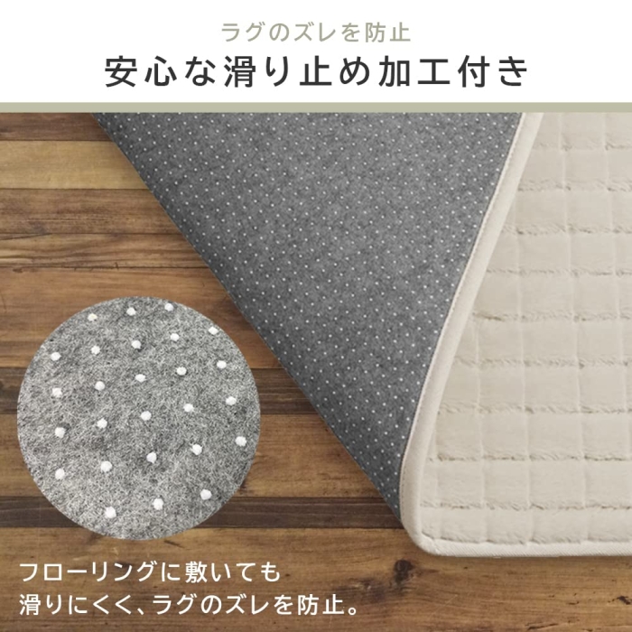 ラビットファーのようなストレートな立毛のラグです。ふわふわの心地よい肌触りです。グリッド調のラインがアクセントになります。消臭効果のあるウレタンを使用しています。裏面にすべり止めが付いているので、ラグがずれるのを防ぎます。床暖房、ホットカーペット対応です。洗濯はできません。●目付け(約):表地 420g/m2
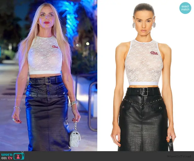 Alexia Echevarria (played by Alexia Echevarria) on The Real Housewives of Miami on Peacock was spotted wearing this white floral lace top and leather skirt on The Real Housewives of Miami on episode 'MIA Back in Action' (7x01) in Jun 2025. Alexia's Top is the Stretch Lace Sleeveless Top by Alessandra Rich . Alexia's Skirt is the Croco Print Leather Midi Skirt W/ Studs by Alessandra Rich.
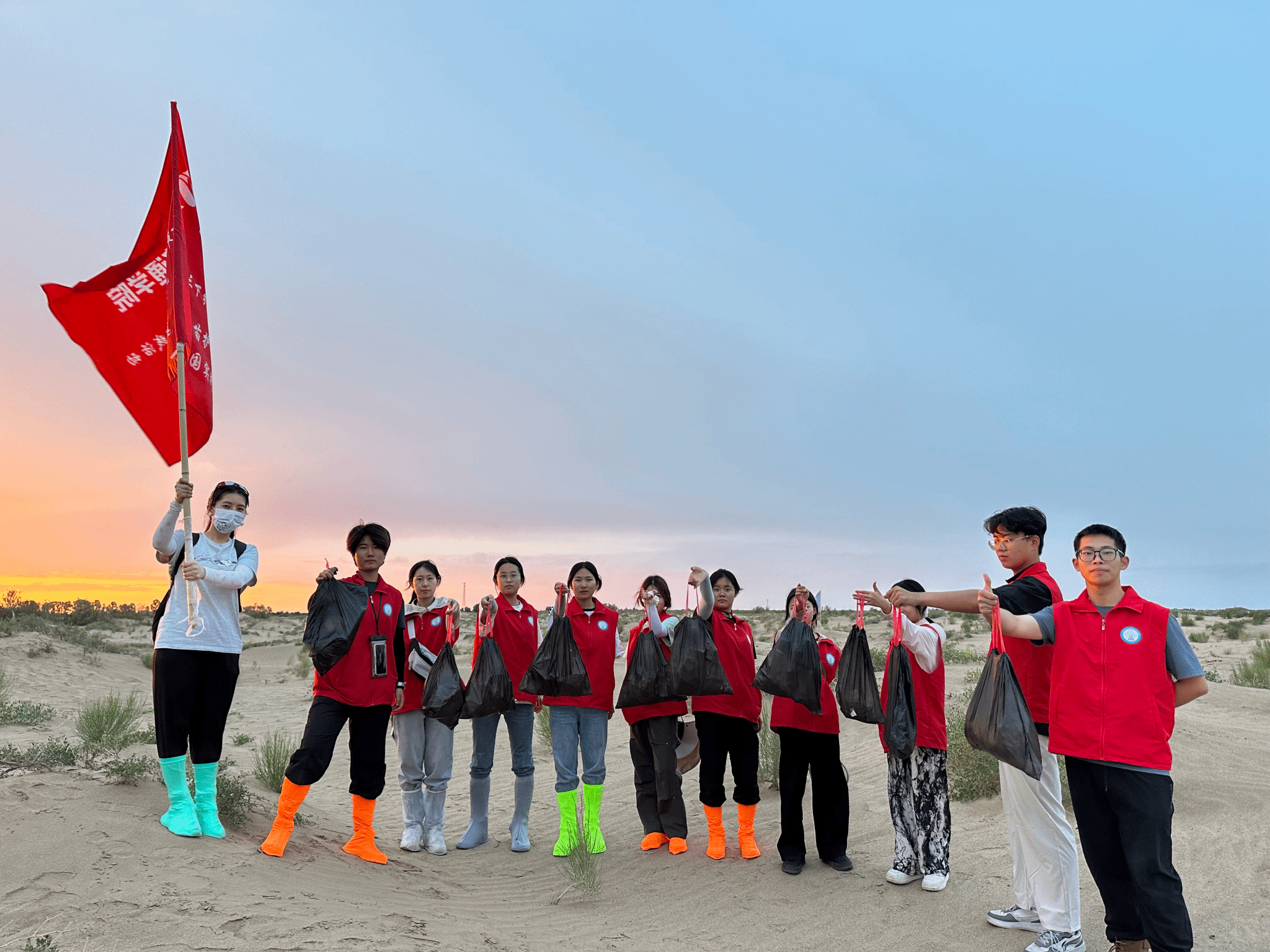 当最后一缕暑气随着夕阳沉入沙海,兴隆村被温柔的暮色悄然笼罩。实践团成员们匆匆结束晚餐,便拿起垃圾袋、铁锹等工具,踩着沙粒铺就的村道,开启了守护生态的志愿行动。村道两旁,梭梭苗在晚风里轻轻摇曳,却藏不住散落其中的塑料瓶、包装袋。队员们俯身钻进沙柳丛,指尖小心翼翼地拨开枝叶,将藏匿其中的垃圾逐一拾起;面对被风沙掩埋半截的废弃物品,两人一组相互配合,一人稳住物件,一人用铁锹慢慢刨挖。实践团成员纷纷表示“这片土地生态本就脆弱,我们多清理一点垃圾,就能少一分污染。”劳作间隙,众人望向远处,广袤沙海之上,浑圆的落日如燃烧的火球,缓缓坠入地平线。漫天金色晚霞似打翻的颜料,将连绵沙丘染成瑰丽的琥珀色,余晖倾洒在忙碌的队员身上,为年轻的身影镀上一层温暖光晕。他们弯腰捡拾垃圾的姿态,与壮丽的沙漠落日融为一体,绘就了一幅人与自然和谐共生的动人画卷。
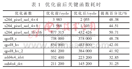采用以上優(yōu)化方法對(duì)編碼關(guān)鍵函數(shù)進(jìn)行優(yōu)化,優(yōu)化前后函數(shù)耗時(shí)如表1所示?梢姡陨蟽(yōu)化方法能大幅度減少編碼時(shí)間。
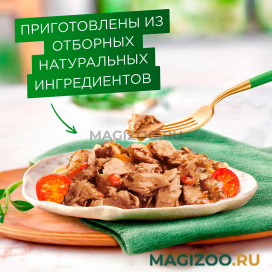 Корм для взрослых питомцев «Натуральные рецепты» — это блюда из отборных натуральных ингредиентов высокого качества. Сочетания приготовленных на пару мясных компонентов с овощами тщательно подобраны экспертами и оптимально дополняют друг друга по вкусу и пользе.
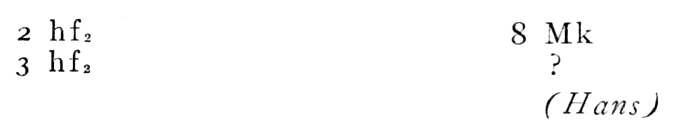 ■ Fu presentato a un cavallo (mi pare Muhamed), il ritratto di una ragazza, domandandogli che cos’era. Il cavallo compitò Mädchen (ragazza). Gli fu poi domandato perché avesse detto che quella era una ragazza. Il cavallo rispose: capelli lunghi (cioè: «perché ha i capelli lunghi»). Gli fu domandato anche se vi fosse un’altra ragione per distinguere una ragazza da un uomo e il cavallo rispose: (perché) non (ha i) baffi.
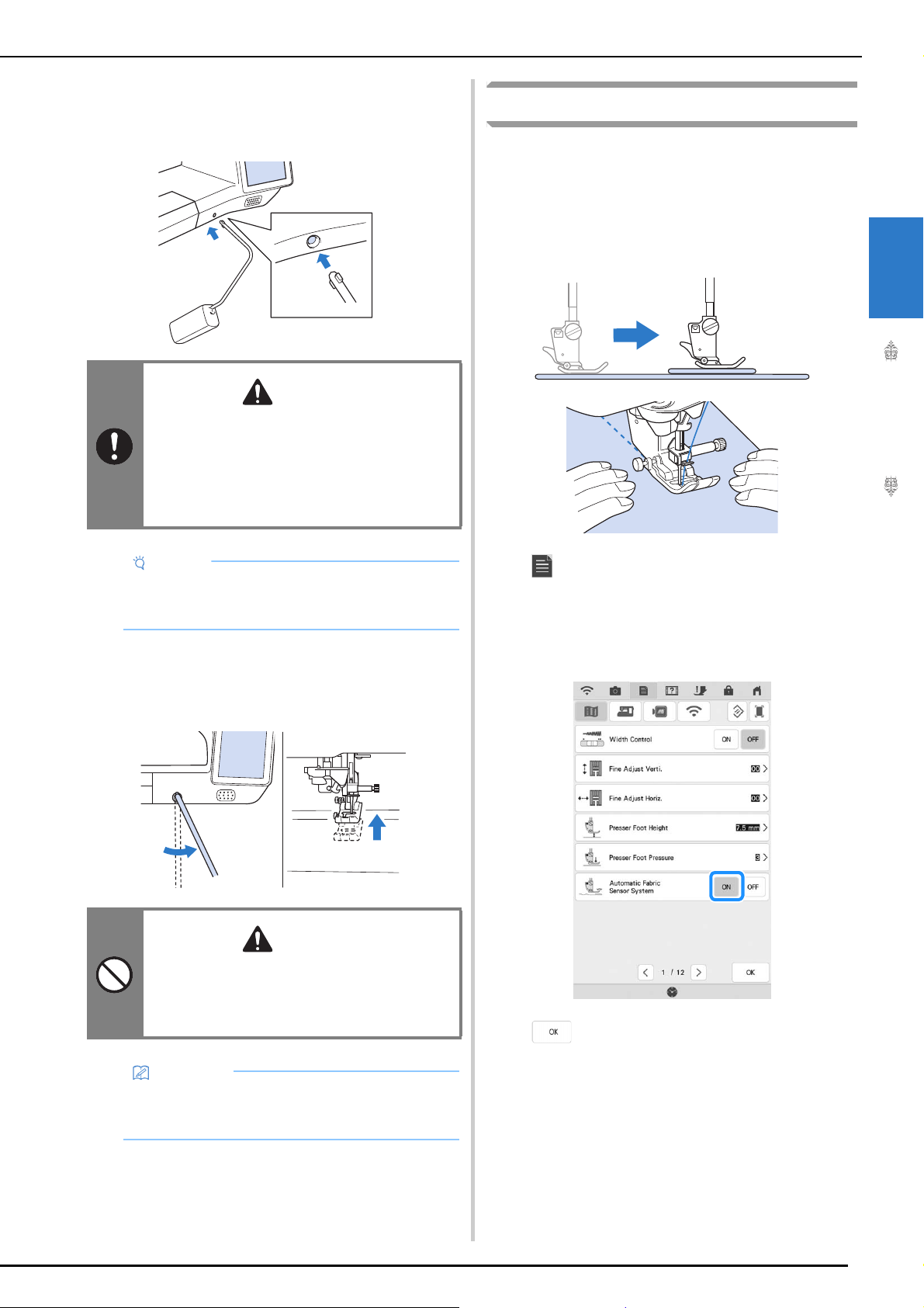 ( 誤ってスイッチを押すと、 ミシンが作動す
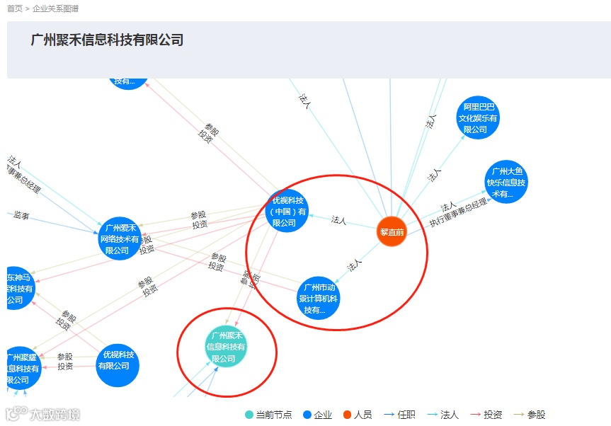 据了解,UC浏览器的实体公司为广州市动景计算机科技有限公司,通过企盾宝的企业图谱与关系探寻功能,可以看到广州聚禾信息科技有限公司就是UC集团旗下的关联公司。
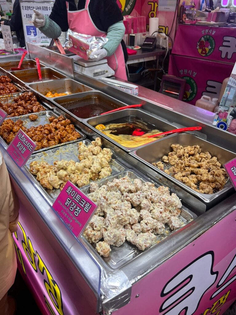 日本人は辛いものがあまり食べられないから、甘いタレのダッカンジョン(달콤 닭강정)、果物のタレのダッカンジョン(과일 달강정)、チーズマスタードダッカンジョン(치즈머스타드 닭강정)の3種類が日本人におすすめだよとのこと♡
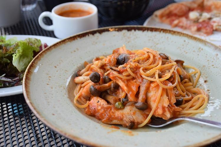 オーダーしたのは、週替わりランチの鶏もも肉のジャンボネット。鶏肉の中に松の実とマッシュルームが詰められていました。お肉が大変柔らかく美味でした。
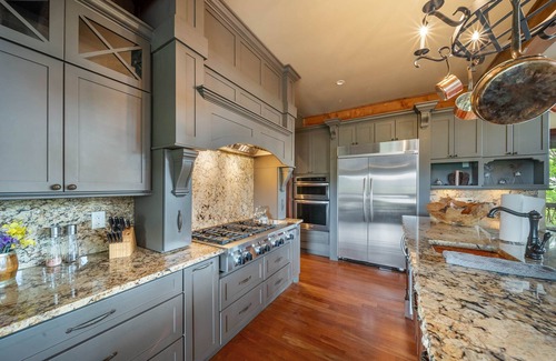 this adirondack custom-designed home features natural design elements throughout, including gorgeous hardwoods shadowed by massive, rough cut cedar timber frame construction Lavish mountain décor and regal furnishings, highlighted by impressionist style artwork, blend seamlessly together for a true rustic elegance. The Great room boasts a grand, tongue and groove lined cathedral ceiling and floor-to-ceiling stone fireplace and TV tastefully tucked into the hutch nearby. The space is free-flow to the gourmet kitchen, which is equipped with stainless appliances, exquisite granite counter tops and backsplash, ornate custom cabinetry and bar seating. The formal dining area is just steps off of the Great room and kitchen and looks out onto expansive ridgeline views. Step out to the abundant covered outdoor living and dining space, with built in gas grill and fireplace, and take in the amazing vistas and clean mountain air.
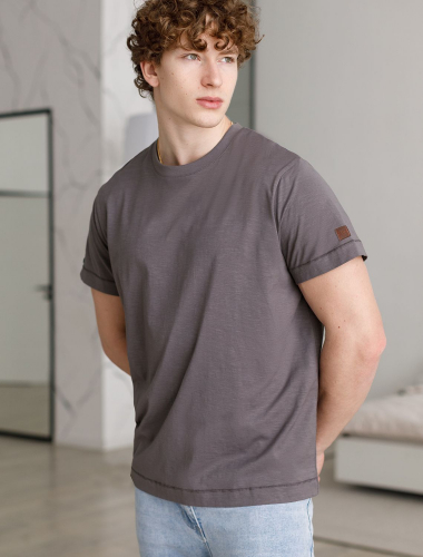 Футболка выполнена из фактурного полотна из 100% хлопка. Базовая однотонная модель, без труда впишется в любой гардероб. Ткань имеет характерный рисунок черточки за счет сочетания разных волокон хлопка 140-150 г. Хорошо держит форму и поддерживает комфортный микроклимат в течении дня. На рукаве нашивка из эко-кожи с логотипом бренда.

-.-.-

How to complete this task: Nothing but the lines from the first line of the data through the line with "Alexia Echevarria (played" belongs in the answer, copied exactly and without pictures.

Response for this exercise:
 ラビットファーのようなストレートな立毛のラグです。ふわふわの心地よい肌触りです。グリッド調のラインがアクセントになります。消臭効果のあるウレタンを使用しています。裏面にすべり止めが付いているので、ラグがずれるのを防ぎます。床暖房、ホットカーペット対応です。洗濯はできません。●目付け(約):表地 420g/m2
 Alexia Echevarria (played by Alexia Echevarria) on The Real Housewives of Miami on Peacock was spotted wearing this white floral lace top and leather skirt on The Real Housewives of Miami on episode 'MIA Back in Action' (7x01) in Jun 2025. Alexia's Top is the Stretch Lace Sleeveless Top by Alessandra Rich . Alexia's Skirt is the Croco Print Leather Midi Skirt W/ Studs by Alessandra Rich.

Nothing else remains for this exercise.